マッサージの仕事をしている青柳なぎささん
バンド活動をしながらマッサージの仕事をしている青柿なぎささん。2階の個室でコミニケーションを取りながらの施術は、多くのお客さんをゆるやかな表情に。
奥津さん
移住者である奥津さん(←紹介動画へのリンク)デザイナー業の傍ら、イベント時にはワークショップも積極的に参加。シアバターの天然素材を使ってオリジナルのリップバームを作り、良い香りが立ち込めて小さな子も「いい匂い!」と言っていたのがとても可愛らしい。
ビーズアクセサリー
ビーズとは思えないほど細かなデザインのemini。気に入ったデザインがあればその場でイヤリングとピアス交換。地元の方も驚く細かな技の数々。

耳つぼ
耳にあるツボをマッサージし、体の気になるところのツボにジュエリーのような針を貼るLittle chui さん。耳つぼってなんだろう?…から施術を受けた方が明らかに小顔になる様子をみな目の当たりにしてお客さんが溢れた。
デニム
デニムポーチやデニムバッグに好きなデザインをつけることができるステンシルワークショップ。子供たちが楽しそうに一生懸命ポンポン叩いて作っていたのが印象的。
唐揚げ
イベント開始から香ばしい香りを漂わせていたFood truck kingさん。自家製ダレに漬け込んだ鶏のもも肉の揚げたて唐揚げが美味しいのはもちろん、お人柄が最高のスパイスに。

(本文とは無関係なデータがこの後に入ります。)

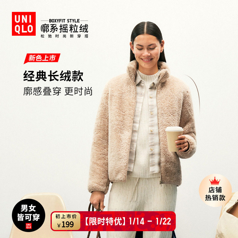 Uniqlo women's men's imitation lambswool fleece casual cardigan long-sleeved loose jacket winter new 479616
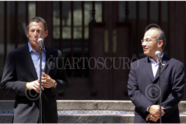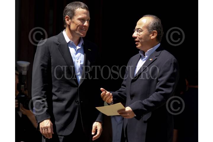 MÉXICO, D.F., 28FEBRERO2009.- El ciclista Lance Armstrong acompañado por Felipe Calderón Presidente de México, en las escalinatas de la residencia oficial de los pinos en donde ambos dieron un mensaje conjunto. FOTO: SÁSHENKA GUTIERREZ/CUARTOSCURO.COM
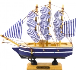 Štýlový model plachetnice s klasickou konštrukciou je ideálny pre všetkých obdivovateľov námornej estetiky. Tradičné trojsťažňové plachtoví v bielomodrých pruhoch a granátový trup s bielym pruhom vytvárajú efektný vzhľad. Vďaka estetickým proporciám a ručnému dokončeniu vyniká model jemnými detailmi a elegantným vzhľadom.
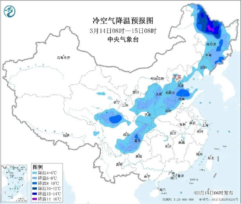 今天(3月14日),降雪范围进一步向东推进。明天北方雨雪会告一段落,降水重心将转移至西南地区东部到长江中下游一带,在冷空气和阴雨天气影响下,部分地区会出现剧烈降温,局地降幅可达10℃以上。
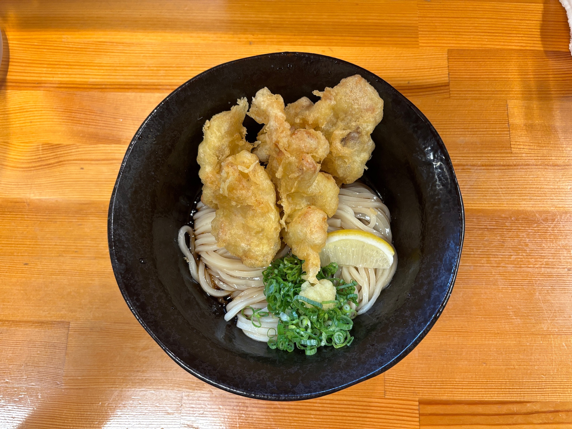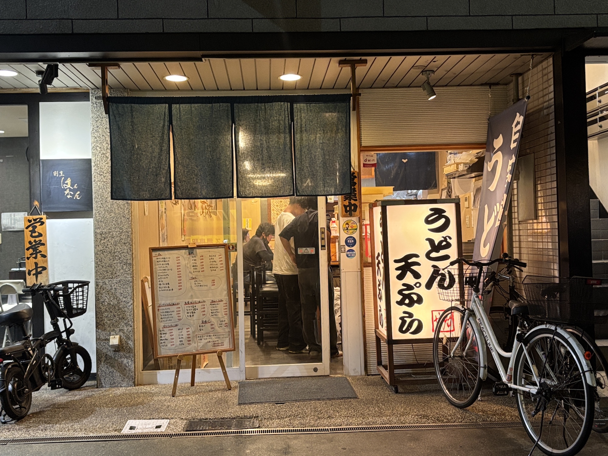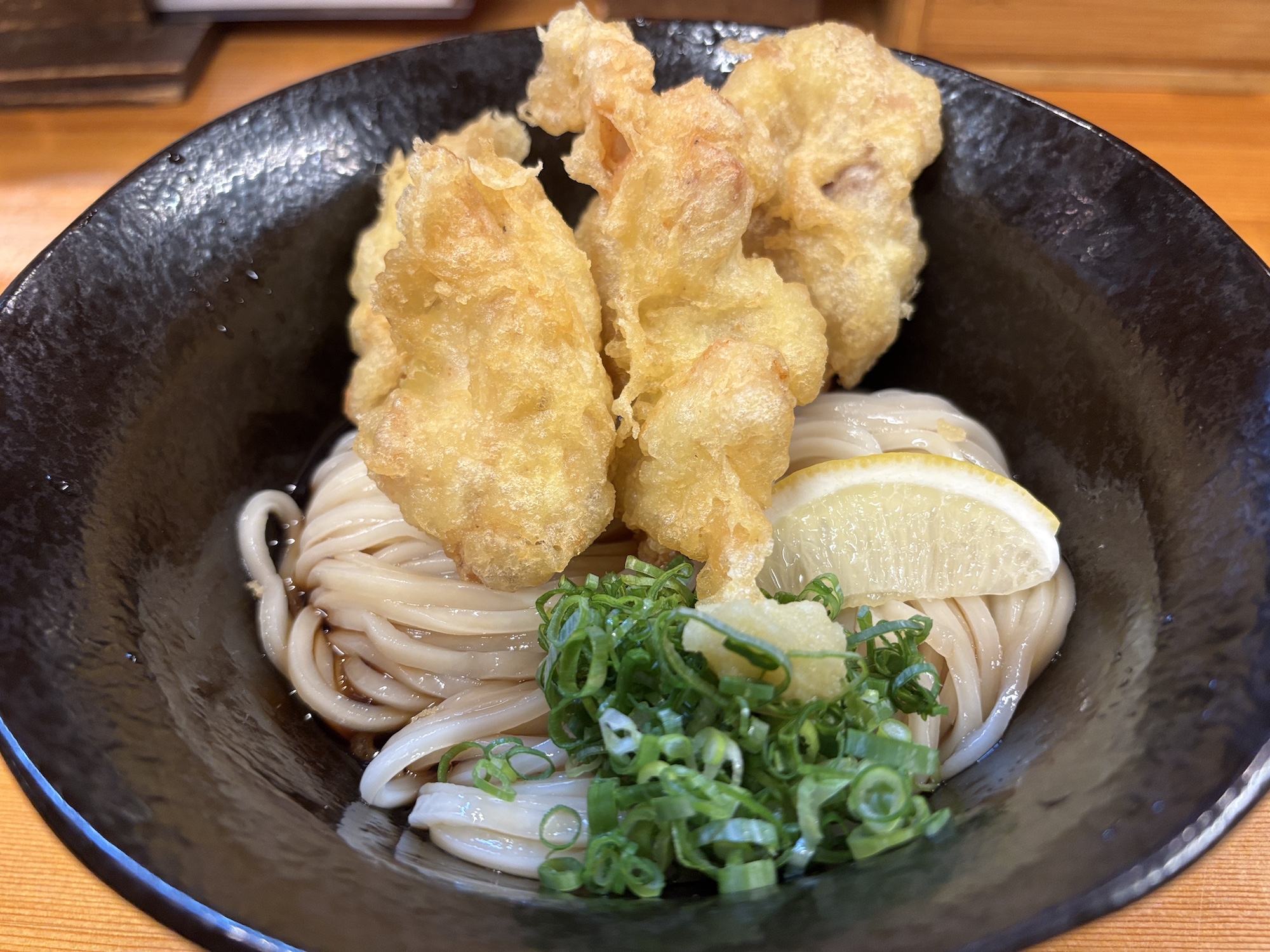 堺東駅前の商店街から少し離れた場所にある名店。自家製の細麺、太麺を用意していて、1番人気の鶏天ぶっかけをいただいた。衣はサクサクしていてもも肉は柔らかくジューシー。麺もコシが強く弾力がある。夜は居酒屋スタイルでメニューも充実している。
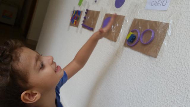O objetivo desta atividade é colocar cada número, cor roxo, forma geométrica círculo e identificar o que é vazio e cheio no seu lugar.
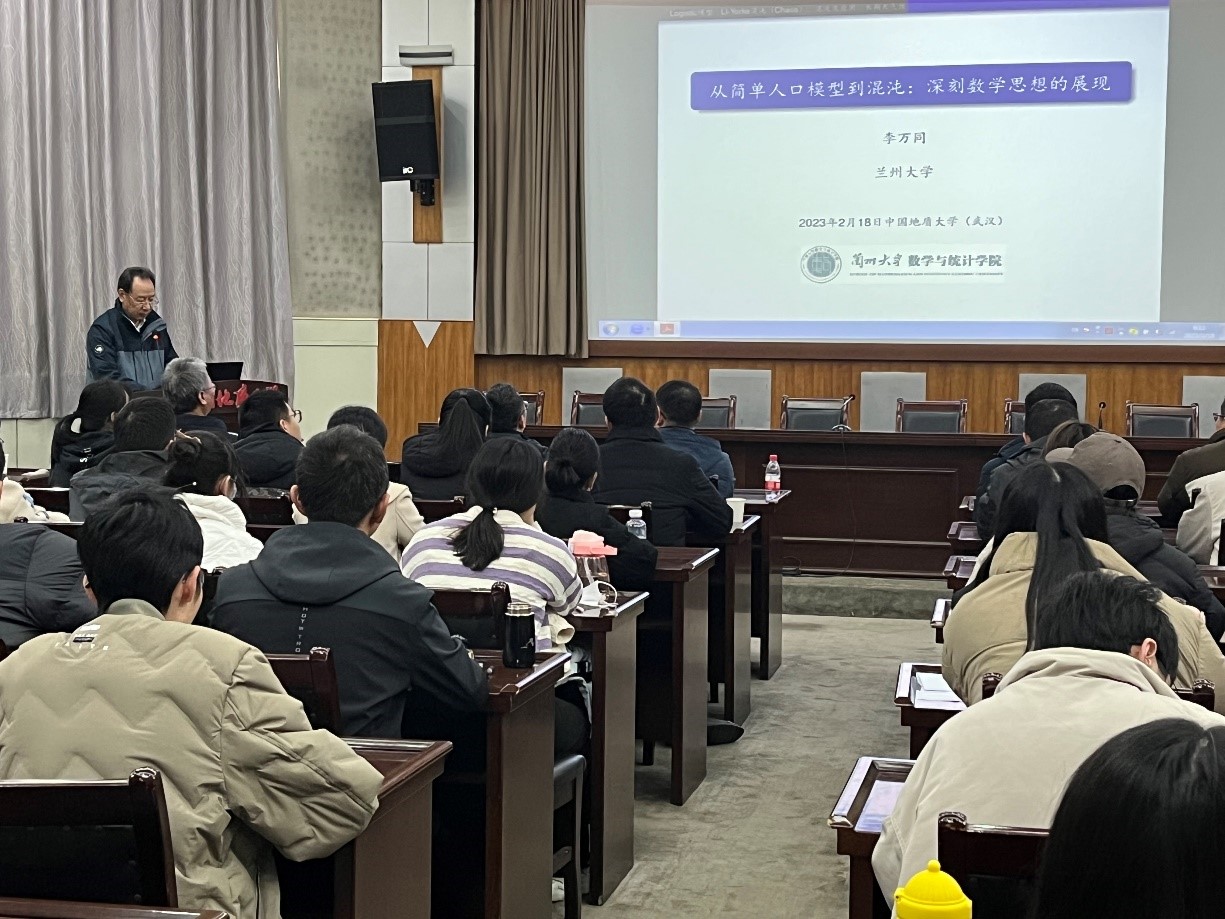 2023年2月18日上午,中国数学会副理事长、兰州大学数学与统计学院院长李万同教授应邀在我校南望山校区东区八角楼报告厅做了题为“从简单人口模型到混沌:深刻数学思想的展现”的学术报告。郭上江院长、黄刚副院长、魏周超副院长及WilliamHILL中国师生100余人参加报告会。报告会由院长郭上江教授主持。
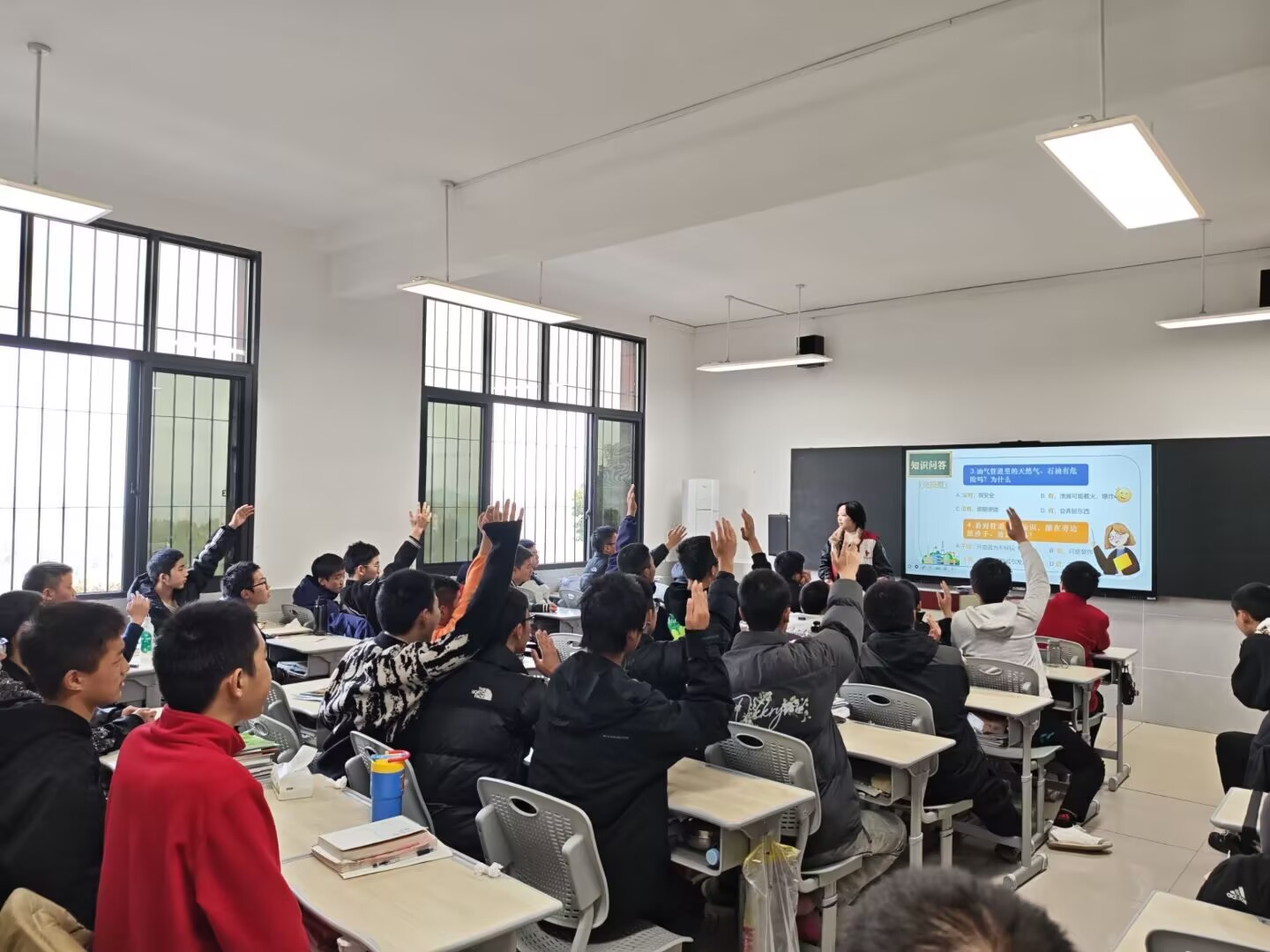 同学们倾听志愿者讲解 摄影:左玉兰 随后的知识问答环节将现场气氛推向高潮。志愿者们提出“管道标识牌上的红色代表什么”“发现管道附近有施工行为该怎么办”等贴近实际的问题,同学们踊跃举手、争相抢答,有的甚至站起身大声说出答案,掌声与欢呼此起彼伏。每位答对的同学都获得了特制的“管道安全小卫士”纪念徽章,在轻松愉快的互动中进一步巩固了所学知识。互动环节结束后,在志愿者带领下,全体同学起立,右手握拳举过肩头,庄严宣读《管道安全小卫士宣誓词》。铿锵有力的誓言在教室内回荡,将“保护管道,人人有责”的信念深深烙在每个人心中。
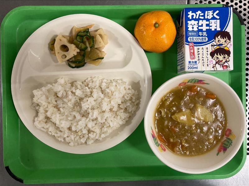 🍊旬の食材「みかん」🍊 ・里芋カレーライス ・手作り福神漬け ・みかん |
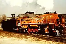 The QJ (Chinese: 前进; pinyin: Qián Jìn; lit. 'To go forward" or "to advance') was a type of heavy freight steam locomotive introduced in 1956 by the China Railway. The majority were built by Datong Locomotive Factory. The prototypes and early production of the class were designated HP (Chinese: 和平; pinyin: Hé Píng; lit. 'peace'), being redesignated as FD (Chinese: 反帝; pinyin: Fǎn Dì; lit. 'Anti-Imperialism') class during the Cultural Revolution, before becoming the QJ class in 1971.
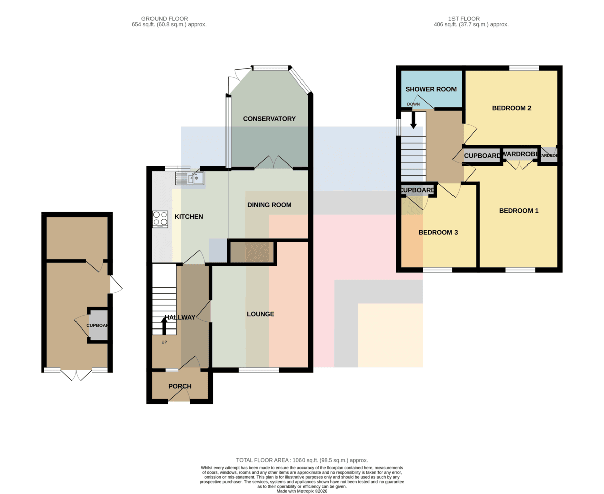 BEDROOM38' 9" x 8' 4" (2.67m x 2.54m) Double glazed window to front, radiator, fitted carpet, built in cupboard.

居心地の良い空間で来場者の滞在時間が長く、イベント開始から最後までいた親子連れもいるほどでした。
また地域の人がふらっと立ち寄り他のお客さんと話していく。そんな光景も印象に残りました。
「温かい人が住んでいる街、小田原」
それを肌で感じてほっこりした気持ちになれた。そんなイベントに。
出店者のみんなからは、ティピーならではのピースフルな空間、おしゃれな空間にアットホームな雰囲気、漂う唐揚げの香りに包まれて心地よかったなど、出店者のみんなからうれしい声が届きました。

これからのTipy は?

今後もTipy records innでは海外から観光に来るお客様はもちろん、地域の人にとっても新しい価値観に触れる瞬間や、自分らしくいられる場所を作りたいと考えています。
もっと自分の好きな街にしたいなというあなた、是非Tipy records innと一緒に何か始めてみませんか?